There are two controversies: Superintendent Fras. H. Smith, of the Virginia Military Institute, made an elaborate report on the Progress of Education in Virginia, in which he claimed that his Military State Institution had greatly improved the colleges and academies of the State, in their curricula, methods and discipline. A friend of the University warmly reviews this report, which brings out a strong defender of Superintendent Smith. The university and college man comes again, even more so, and stirs up the Smith man.

The next spat involved the editor. He had published, from the Church Review, a laudatory sketch of Dr. John Esten Cooke, after whom his friend, the rising young author, was named. Dr. Cooke's family were of Maryland; but he, like Poe, was born in Boston, whilst his parents were there temporarily; but he gained his chief distinction in Kentucky, where he was a teacher and author in medicine and theology. But he changed his relations from the Methodist to the Episcopal Church and published a work against the validity of Presbyterian Ordination. On this account, the Presbyterian organ in Richmond berates the Messenger and its editor very severely. Mr. Thompson defends himself very successfully; and this fact may be added to show how ill-judged was this attack. When the church of that remarkable man, Rev. Dr. Moses D. Hoge, was dedicated, Mr. Thompson had, by invitation, composed a hymn for the occasion.

Still, there was room for much good literary matter. Paul H. Hayne has become not only an editor, but a lecturer.
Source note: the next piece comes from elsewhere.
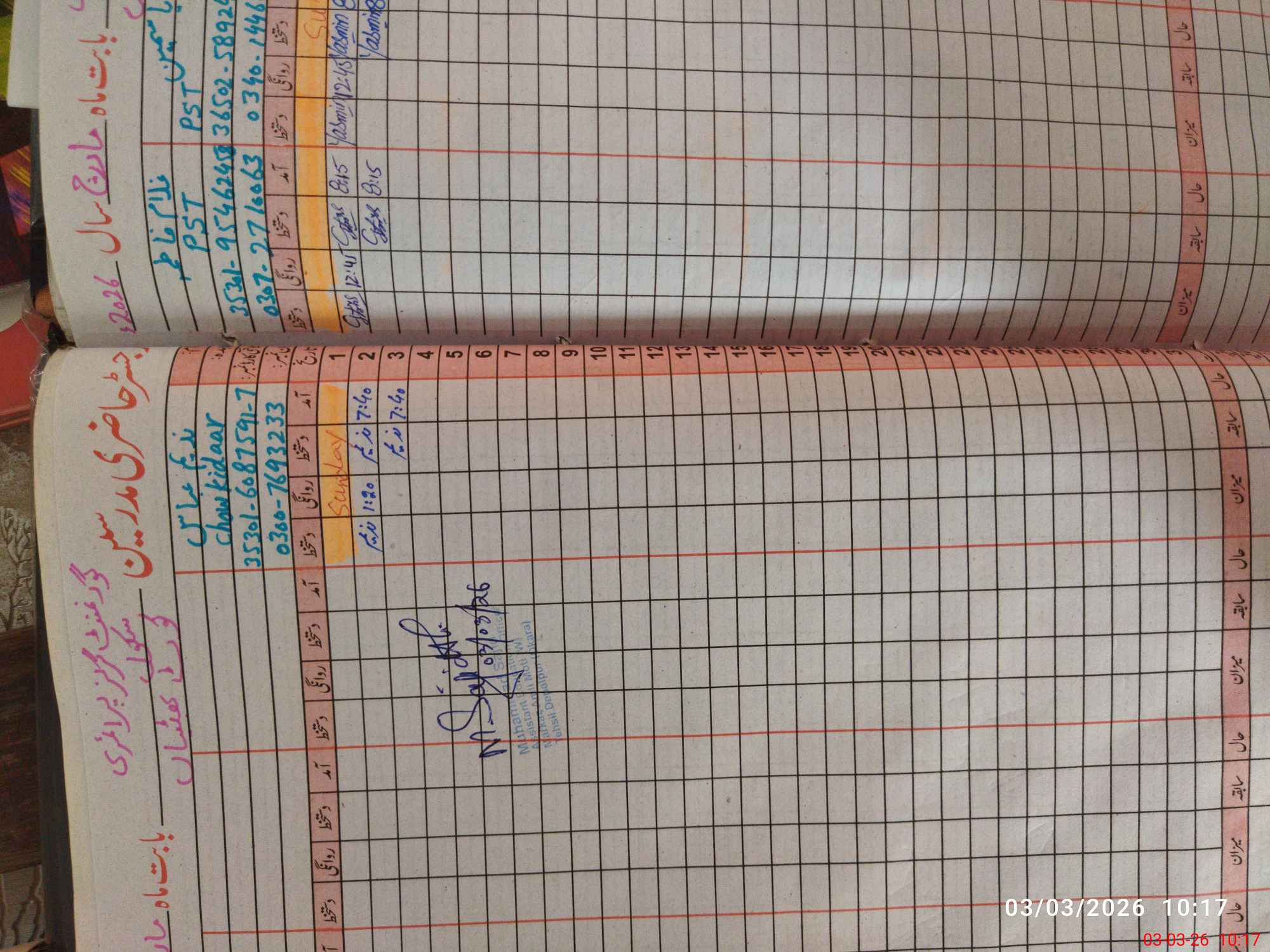 | Name: Ay**** Si**** Designation: (School Headmaster's/Headmistress's) PST Phone/Cell Number: 03**** |

He is noted for his sonnets, and Thompson pops off one at him, for his volume of them. Among the contributors are Jno. P. Kennedy, W. S. Grayson, H. T. Tuckerman, E. A. Pollard, Ex-President John Tyler, Gov. H. A. Wise, S. A. L. of Washington, Pa., and Prof. J. M. Fishburn. There are reviews of St. Geo. Tucker's tale of Bacon's Rebellion, Percival's poems and of the Edinburgh Review, of October, 1856, for its assault upon the United States.

Among the poets are Barron Hope (who now has out a volume), G. P. R. James, A. Judson Crane, Amie, S. A. Talley, John Esten Cooke, Caroline Howard, Emeline S. Smith, Adrian Beaufain, T. Dunn English, George E. Senseney, T. B. Aldrich, Matilda, R. A. Oakes and B. B. Foster.

We have unexpectedly more of the editor's European excursions. He had put all his travels in a book, which was actually printed in New York; but the whole edition was incinerated. After a while, the publisher discovered, in a drawer, a single set of the printed sheets, which he had handsomely bound and sent to Mr. Thompson. So we now have in the Messenger, all that he chose to tell of that famous foreign trip. Amie wrote a poem on the lone volume; which is said to be still in existence.

Bishop Mead's "Old Churches and Families of Virginia" is reviewed; also Poe's "Raven" and its origin traced to Wilson's "Noctes Ambrosianæ, in Old Ebony," number 41, for March, 1829, and to Mrs. E. B. Browning's "Lady Geraldine's Courtship." The novel "Lilias," by Laurence Neville, is finished.

Mr. Thompson tenders to every one concerned a courteous and persuasive "Vive, valeque."

The volumes for 1858 have recognition of both the Army and the Navy. They are also historical,—Virginian and Revolutionary. Mr. C. Campbell has a bout with Mr. Richard Randolph in relation to the treatment of Patrick Henry, as to his military rank, by the Committee of Safety, in 1775, and Mr. Campbell completely vindicates the statements contained in his History. Probably that committee rendered a greater public service by keeping Mr. Henry out of the Colonial Army and making him Governor of Virginia.

Announcement is made of a new and improved edition of Campbell's "History of Virginia," with an appeal in its behalf. There are numerous selections, probably furnished by Mr. Campbell, from the Lee papers.

One of the main literary features is a copyrighted novel, by a lady of South Carolina: "Vernon Grove; or Hearts As They Are." Very soon after it was finished, it was issued from New York in book form, and very well received. It turns out that the Zarry Zyle; or Larry Lyle, of the earlier years of the Messenger, was P. P. Cooke.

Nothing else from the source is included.